* _Exercise prompt_
Nothing outside the range is to be copied. From the entries below, reproduce exactly the lines starting at the one with "Experience the Epitome" and ending at the one with "キャミソール ブラウス ベージュ", without pictures.

-------- Data excerpts --------

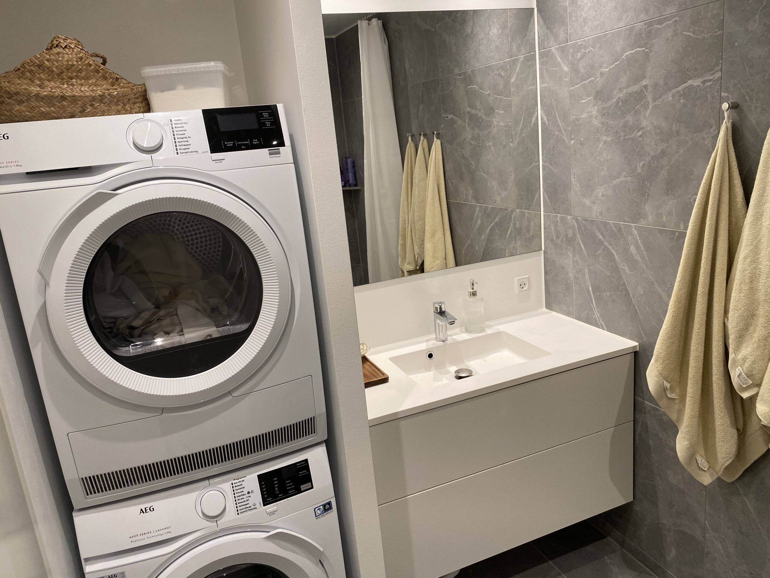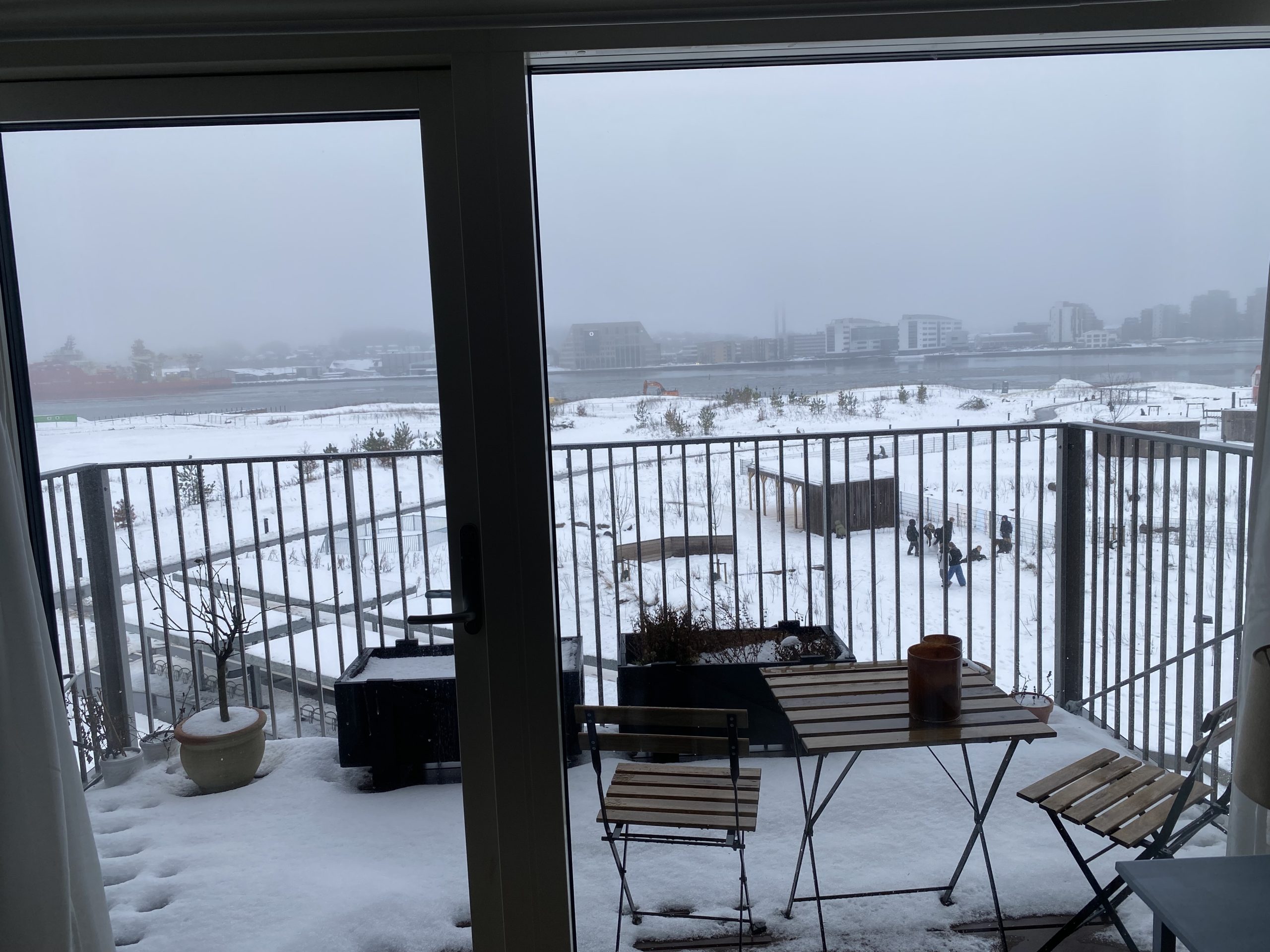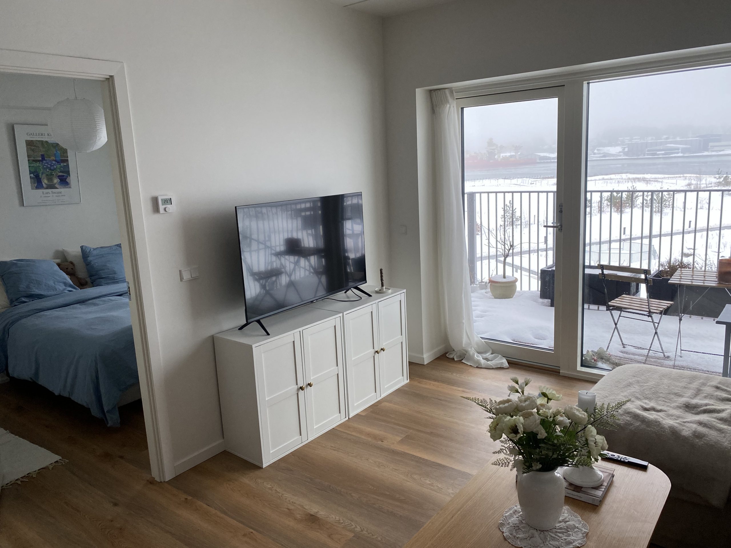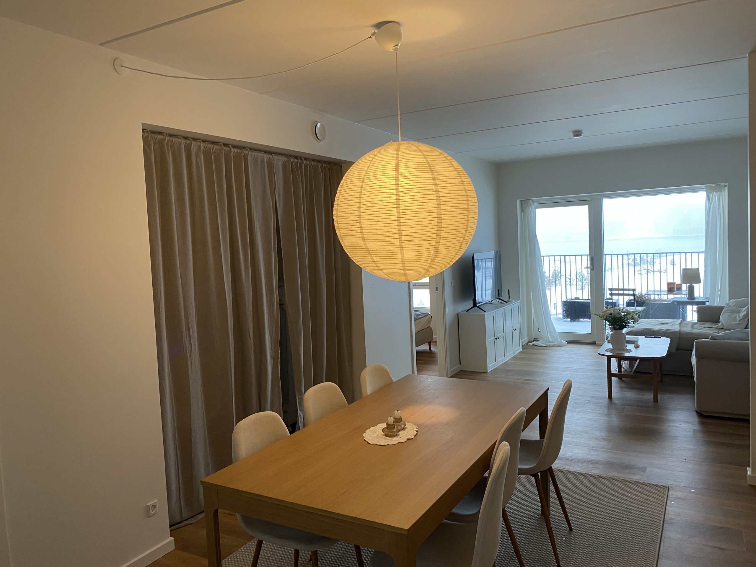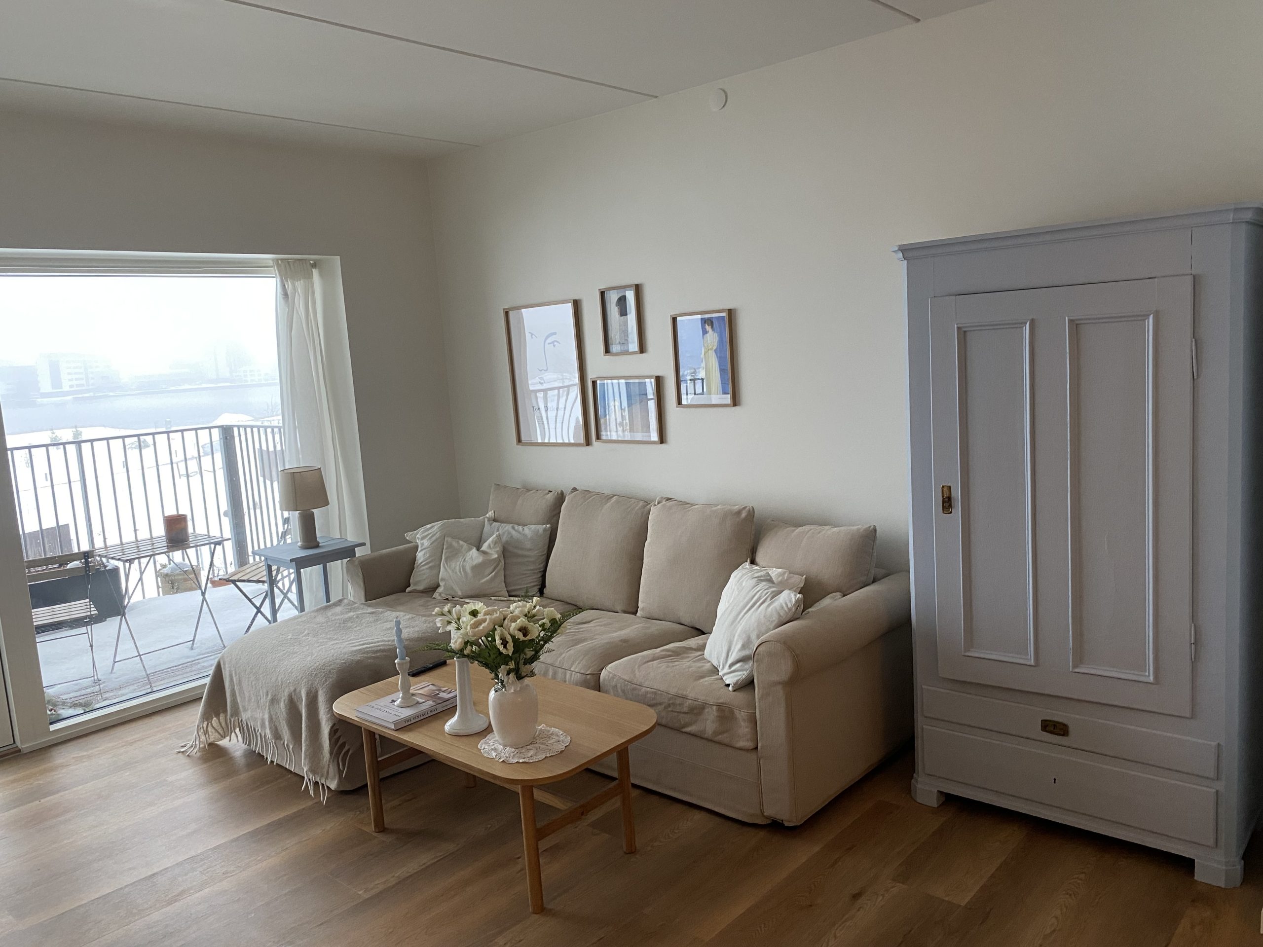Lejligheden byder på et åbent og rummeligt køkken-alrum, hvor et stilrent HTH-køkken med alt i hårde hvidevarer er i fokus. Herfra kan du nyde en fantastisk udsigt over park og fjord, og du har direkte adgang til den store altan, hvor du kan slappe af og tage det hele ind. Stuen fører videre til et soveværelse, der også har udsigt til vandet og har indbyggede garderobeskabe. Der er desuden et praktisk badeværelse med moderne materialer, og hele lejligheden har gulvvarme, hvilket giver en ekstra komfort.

--------
-------- Data excerpts --------

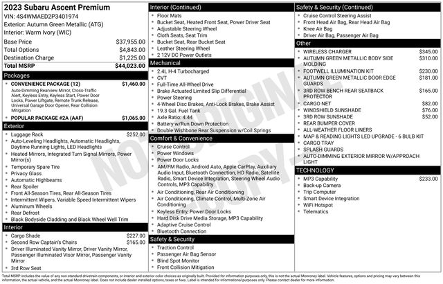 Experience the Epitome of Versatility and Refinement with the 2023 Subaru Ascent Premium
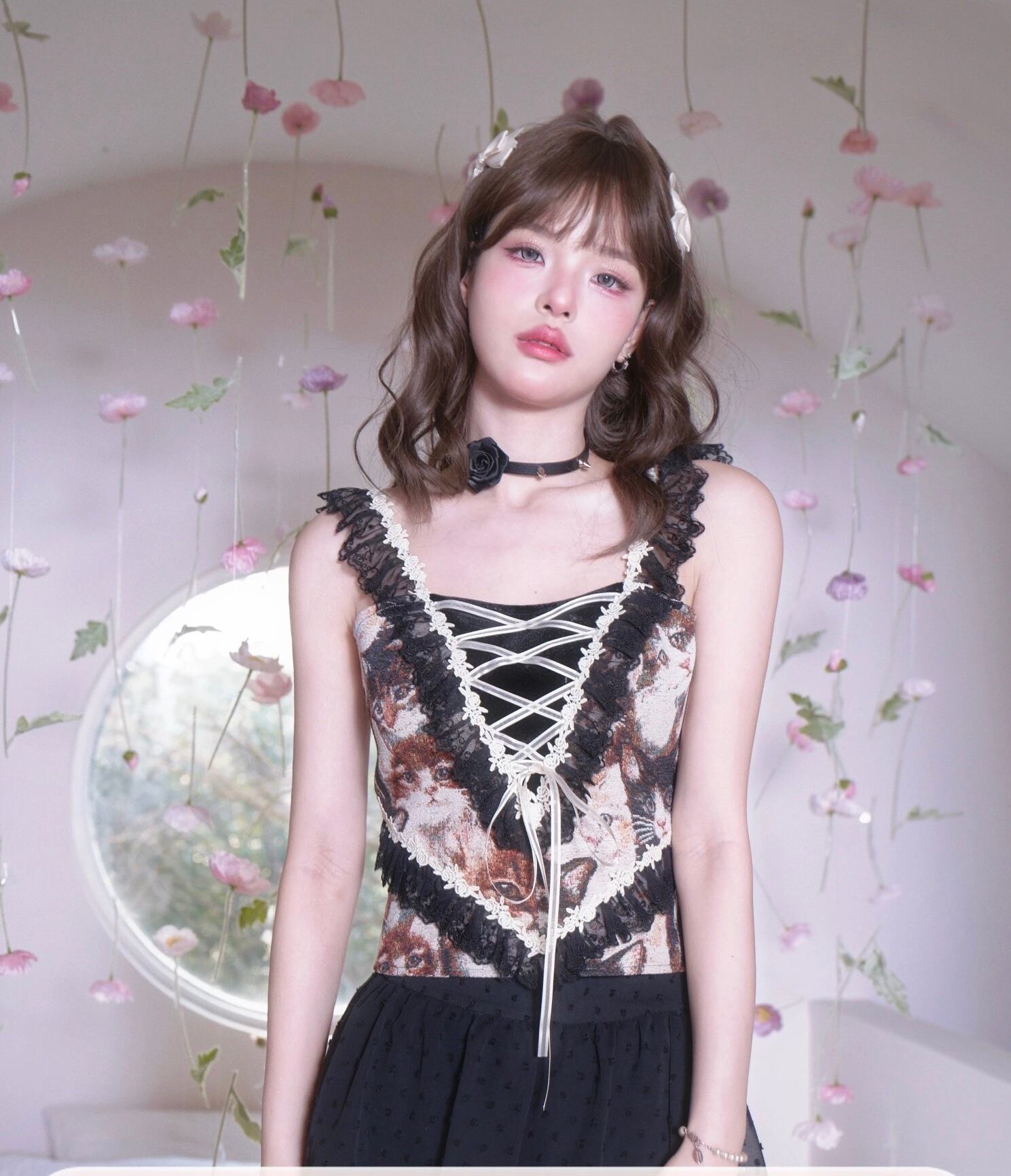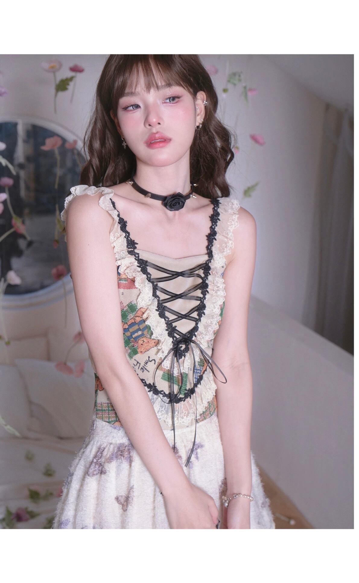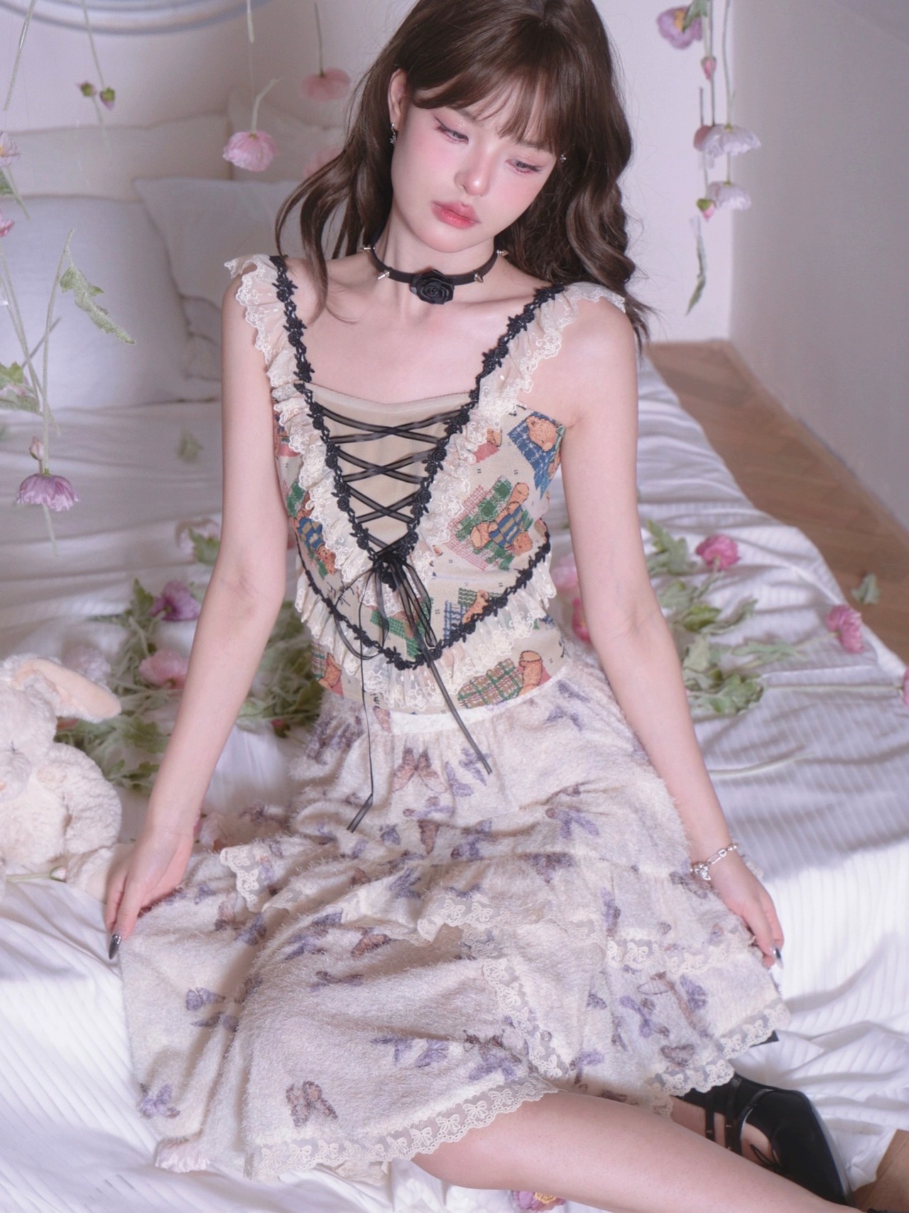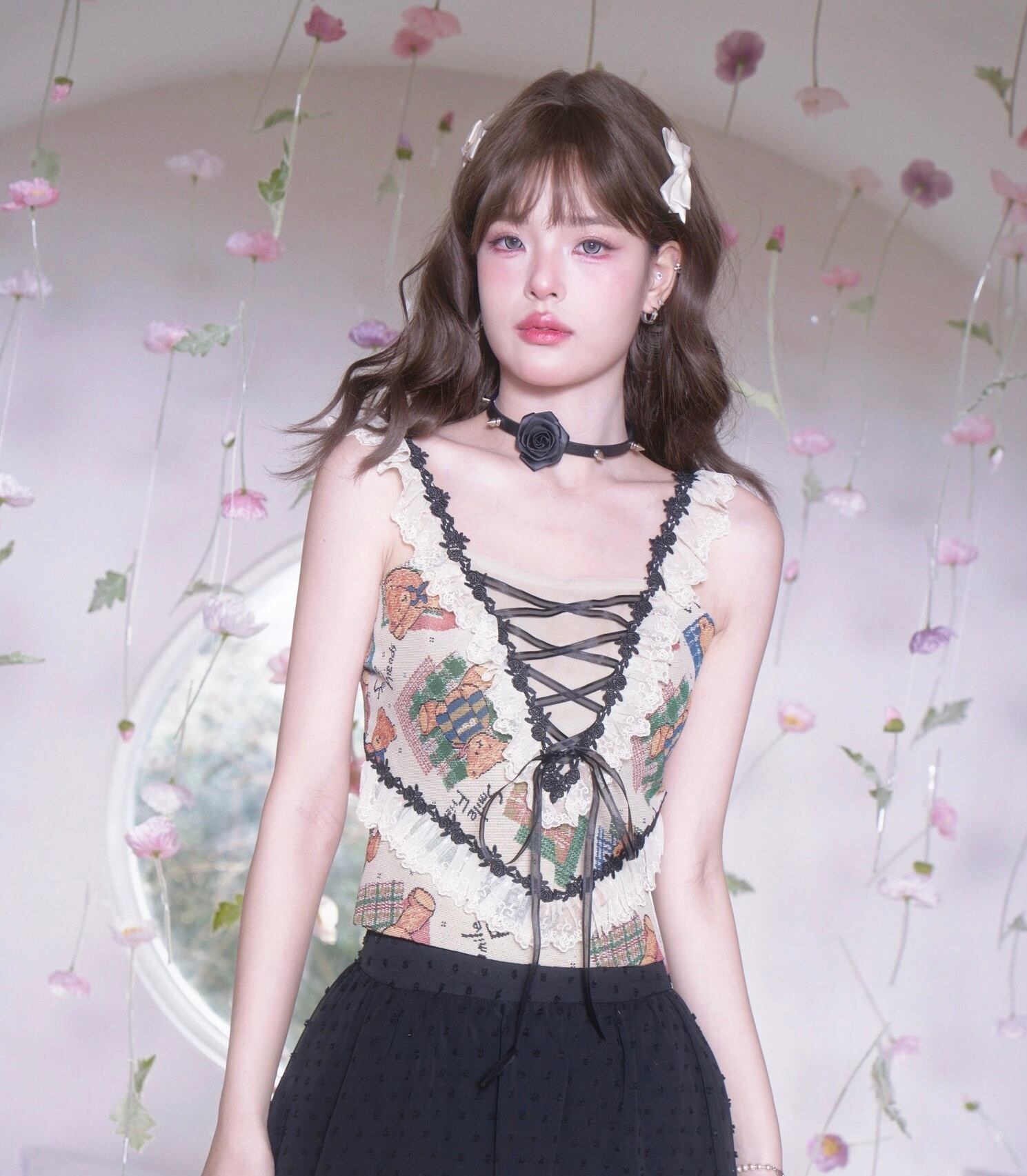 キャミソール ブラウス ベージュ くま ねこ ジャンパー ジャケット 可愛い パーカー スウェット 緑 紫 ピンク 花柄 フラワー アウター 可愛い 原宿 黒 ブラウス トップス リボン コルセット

--------

* _Solution below_
 Experience the Epitome of Versatility and Refinement with the 2023 Subaru Ascent Premium
 キャミソール ブラウス ベージュ くま ねこ ジャンパー ジャケット 可愛い パーカー スウェット 緑 紫 ピンク 花柄 フラワー アウター 可愛い 原宿 黒 ブラウス トップス リボン コルセット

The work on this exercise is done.